My last one year and a half
I'm never going to complete this before my birthday in June if I decide to write it in one sitting so I'll write down things as I go.
...was what I'm going to say. Now my birthday is only tomorrow I have to be quick, so here's a summary:
- I got scammed by those fucking 民运 believing Tuanpai would do something to you-know-who. They did fucking nothing, and they're facing very severe consequences, as they should be for not doing anything. I understand it was totally my fault for being this stupid. I could do things *very* differently and had way more leeway, if ONLY I haven't believed in such a blatant lie. I'm so sorry that I'm this stupid.
- I'm no longer an anarchist. In the past when I hated this place, I thought the concept of "nation" itself was the bad thing and there should be absolutely no nation; now I believe it was just because of China being what it is. One cannot exert order without a certain degree of violence; if this evil is inescapable, then I would much rather take things into my own hand.
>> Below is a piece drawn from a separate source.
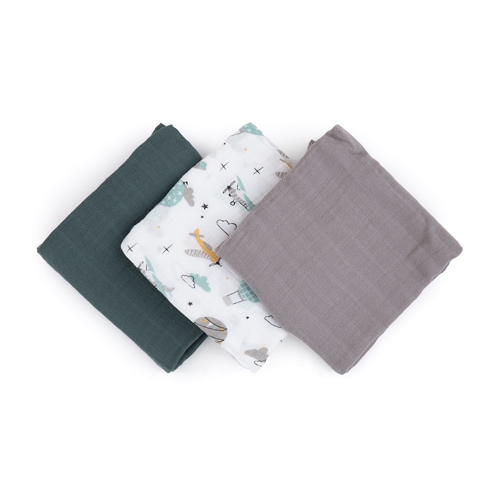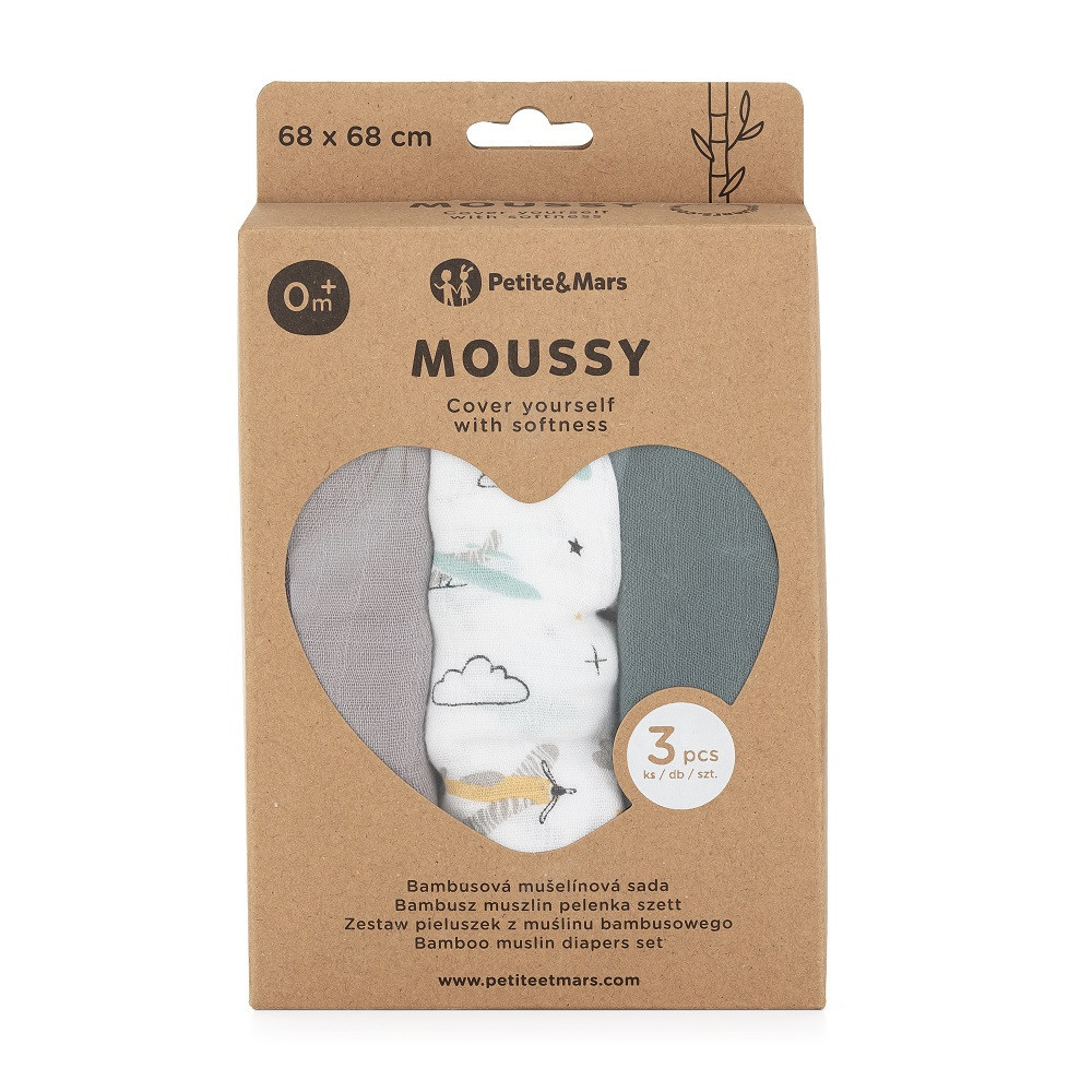 Petite&Mars Bambusz muszlin 3db-os pelenka szett Moussy Grey Planes, 68 x 68 cm

- I used to be pro-trans and pro puberty blockers. I read more about this topic, and decided not to. Current transgenderism is going down in a very dark and dangerous path and, if not countered properly, is going to make a whole generation suffer, especially in first-world countries.
For other stuff I had enough time to write down in details and they're here:
Finding out that I am asexual
That explains a lot of things... For the longest time I was:
- Doubting if I was actually gay because I don't particularly like women.
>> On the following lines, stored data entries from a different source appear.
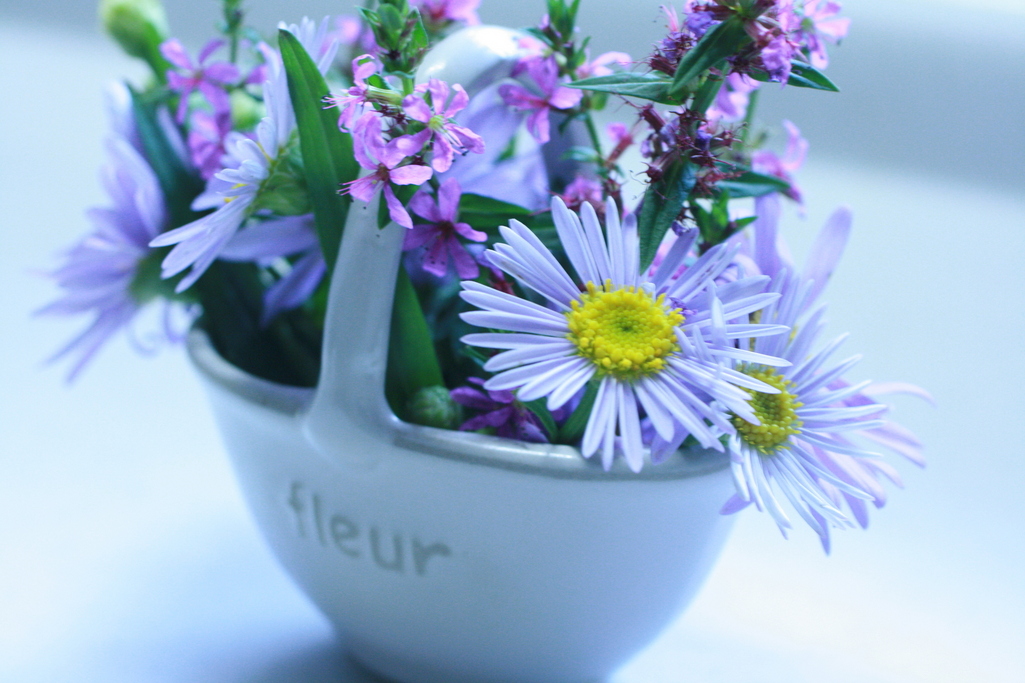 可愛い小花を飾ると、台所に立つのが楽しくなりますね。器にフルールって書いてあって・・・オシャレ~(*^^*)
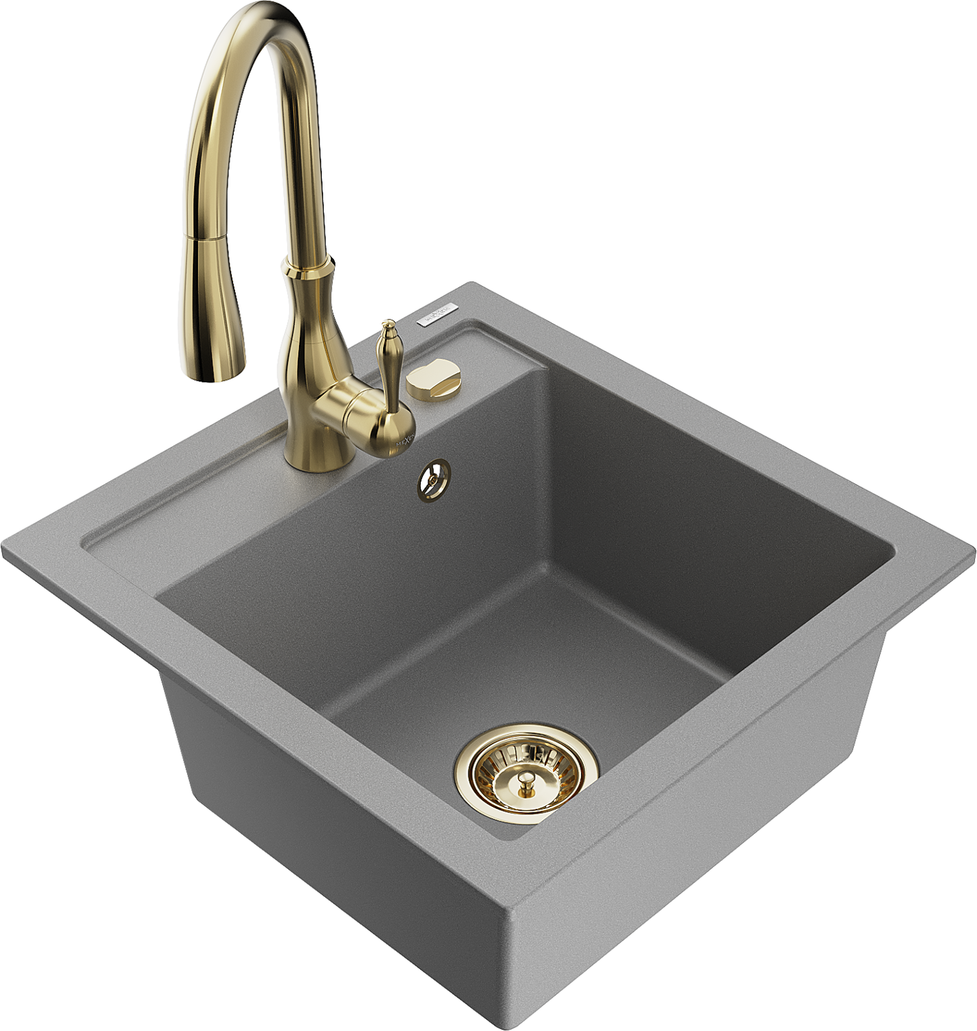 Mexen Vito lava-loiça de granito 1-bacia com torneira de cozinha Savita, cinza - 6503-71-672601-50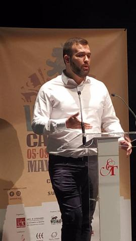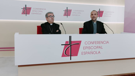 Hi intervenen Lluís Bou, president d'aquesta trobada oberta de Comunió i Alliberament a Barcelona, i Marta Ventura, presidenta de l'Hospitalitat de la Mare de Déu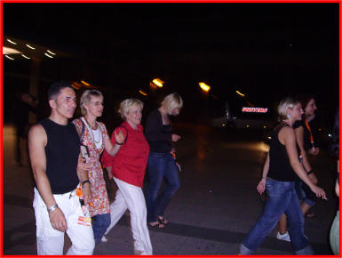 Von der Aftershowparty zum Bus, um im Hotel weiter zu feiern.

- Doubting if I was actually bisexual because I don't particularly like men either.
- Not understanding why people call (sexually) good-looking girls hot or spicy or any word along the line - it seems like you're supposed to feel hot from the sexual urge? Never had it (I just think pretty girls are pretty), never understand it.
- Not understanding why the focus on sexual parts in the anime community. (especially the breasts. For whatever reasons this community has a common hyperfixation on breasts. I never understand why we must talk about breasts as much as we do.)
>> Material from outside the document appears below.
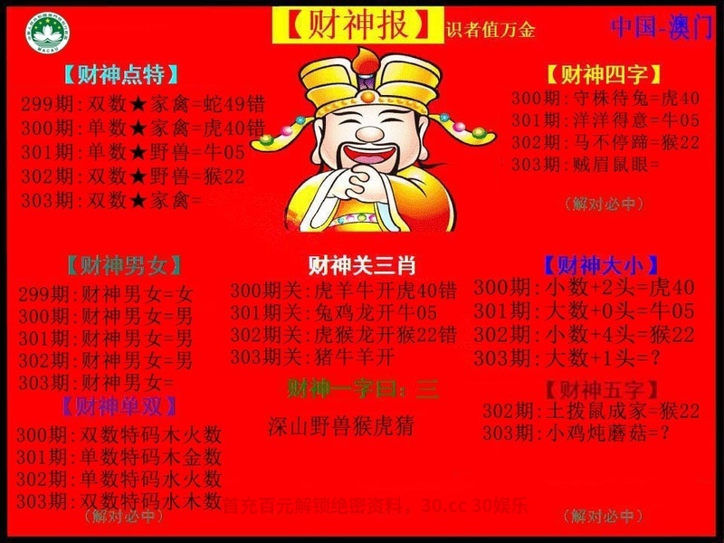 | 302期:【前后四肖】开:猴22准 前【兔鼠龙牛】后【猪鸡狗猴】 |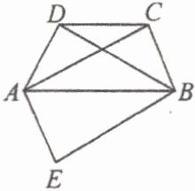 22. 如图,在等腰梯形$ABCD$中,$AB// CD$。$AC$、$BD$是对角线,将$\triangle ABD$沿$AB$翻折到$\triangle ABE$的位置。试判断四边形$AEBC$的形状,并说明你的结论。

- Being amazed to no end by the fact that some people could just hook up solely for sex instead of something that has more emotional connections like cuddling.
- Now that I think about it, I have always had a mildly-strong distaste for sex jokes too; I thought I was just being respectful.
Welp, at least that's much more comfortable tag to have than "being mentally challenged enough to not consider sexual things sexual".
Atheist to Wiccan to Deist
To be honest, up till now I still have zero spiritual experience, so I can't speak about that part. I don't know what's the correct way to describe this but this is how I see things currently:
- My asexuality was God's intent: God asked me to be less horny (?). to be able to keep my mind outside of humanly desire.
- Every downfall I've faced in my life was inherently a result of my sin (or at least in which my sin has played a major role), and
- The fact that I understand and *come to terms* with all of this is the sign of the beginning of salvation. (or maturity, I suppose. I don't know how things would actually work out this way beforehand.)
The asexuality thing was the first that came to mind as a sign; and once you believe that it was indeed a sign, you start seeing signs everywhere: my early interests in theology was a sign, my way-too-early interests in philosophy was a sign, the cross in my palm was a sign, I came across the majorly Christian right-wing reactionary separatist movement mentioned above which can also be a sign (?)... I do believe (or I would really like to believe) there's ultimate salvation behind all this; I just need to find out what's the next obstacle and who He truly is.
I was a self-proclaimed half-Wiccan for a while before turning to deism. For some reasons the notion of believing there's two Gods does not sit right with me.
(I call myself a deist only because it's the closest word to describe what I currently think about religions and spirituality; I believe in signs so I guess God does somewhat intervene this world after all. I still have a lot to learn on this topic.)
But, one God or multiple? Male or female?
One. One that manifests as a single God and multiple Gods at the same time. I don't believe that God has a sex or a gender; to believe that God has to fit into such worldly categories feels blasphemous to me.